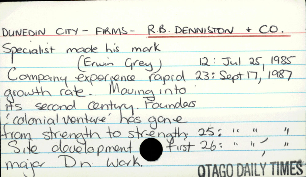 Dunedin Public Libraries (7th Jan 2017). Dunedin City - Firms - R. B. Denniston & Co Ltd. In Website Dunedin Public Libraries. Retrieved 2nd Apr 2026 14:14, from https://dunedin.recollect.co.nz/nodes/view/48578
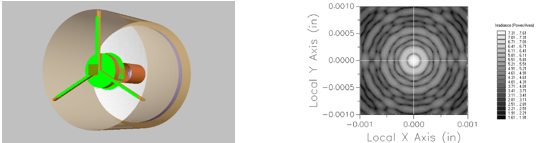 FRED能夠模擬計(jì)算孔徑、擋板和葉片等產(chǎn)生的衍射效應(yīng)和對光機(jī)系統(tǒng)的影響,使得對于光機(jī)系統(tǒng)的模擬更接近現(xiàn)實(shí)。下圖是Cassegrain 望遠(yuǎn)鏡的第二主鏡和支持結(jié)構(gòu)等形成的衍射效應(yīng)的分析
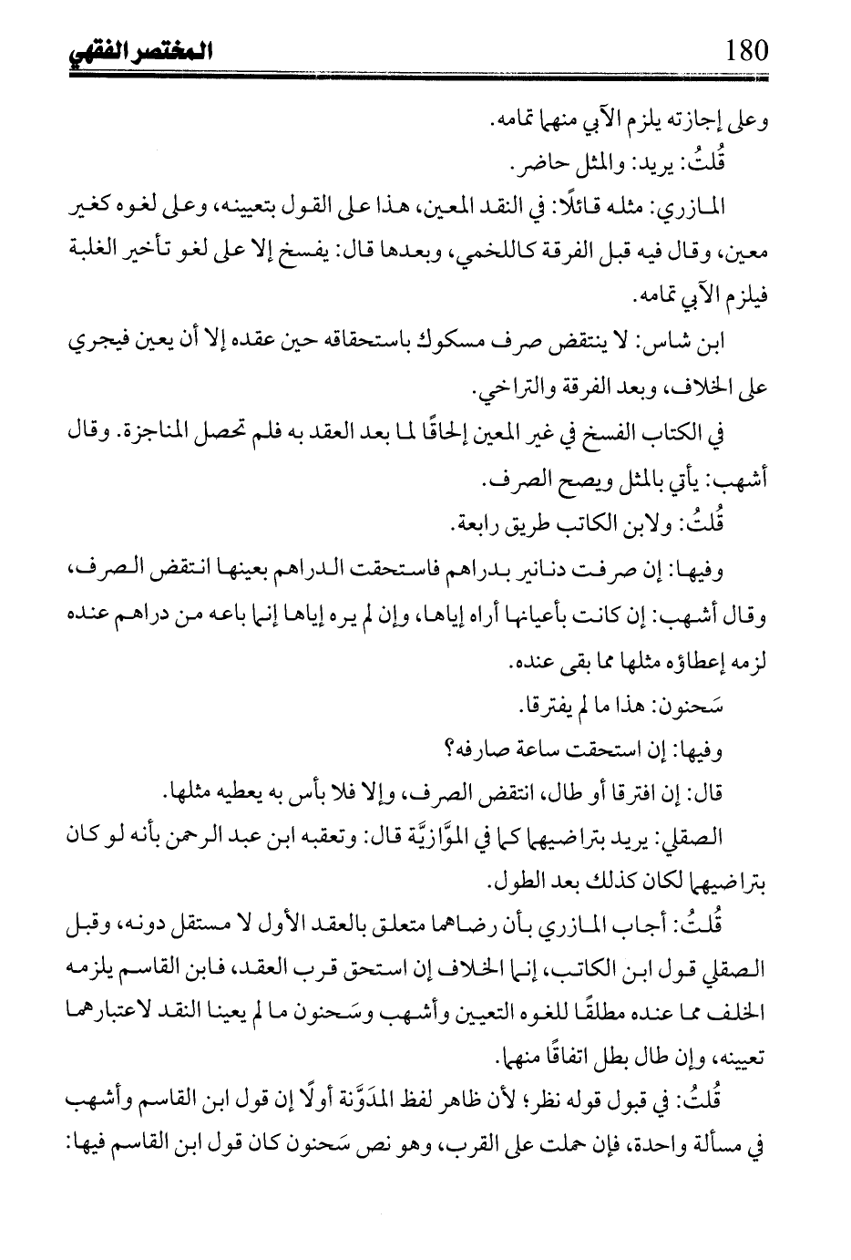 ابن محرز: هذه تدل على عدم شرط إحضار نقد الصرف وتعيينه وبطلان تعليل مسألة السلف باقتضاء الصرف التناجز فهو كشرط عدم المقاصة، وتعليله بعضهم بأن المناكرة تقتضي الطول المبطل للصرف، أجنبي عما سئل عنه؛ لأنه عن حق آدمي لا حق الله تعالى.
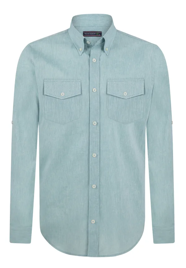 Felix Hardy Linnen Katoen Blend Shirt - Overhemd Heren Turkoois...

Exercise prompt: With the images removed, reproduce all the material above word for word.

Answer to this task:
 Dunedin Public Libraries (7th Jan 2017). Dunedin City - Firms - R. B. Denniston & Co Ltd. In Website Dunedin Public Libraries. Retrieved 2nd Apr 2026 14:14, from https://dunedin.recollect.co.nz/nodes/view/48578
 FRED能夠模擬計(jì)算孔徑、擋板和葉片等產(chǎn)生的衍射效應(yīng)和對光機(jī)系統(tǒng)的影響,使得對于光機(jī)系統(tǒng)的模擬更接近現(xiàn)實(shí)。下圖是Cassegrain 望遠(yuǎn)鏡的第二主鏡和支持結(jié)構(gòu)等形成的衍射效應(yīng)的分析
 ابن محرز: هذه تدل على عدم شرط إحضار نقد الصرف وتعيينه وبطلان تعليل مسألة السلف باقتضاء الصرف التناجز فهو كشرط عدم المقاصة، وتعليله بعضهم بأن المناكرة تقتضي الطول المبطل للصرف، أجنبي عما سئل عنه؛ لأنه عن حق آدمي لا حق الله تعالى.
 Felix Hardy Linnen Katoen Blend Shirt - Overhemd Heren Turkoois...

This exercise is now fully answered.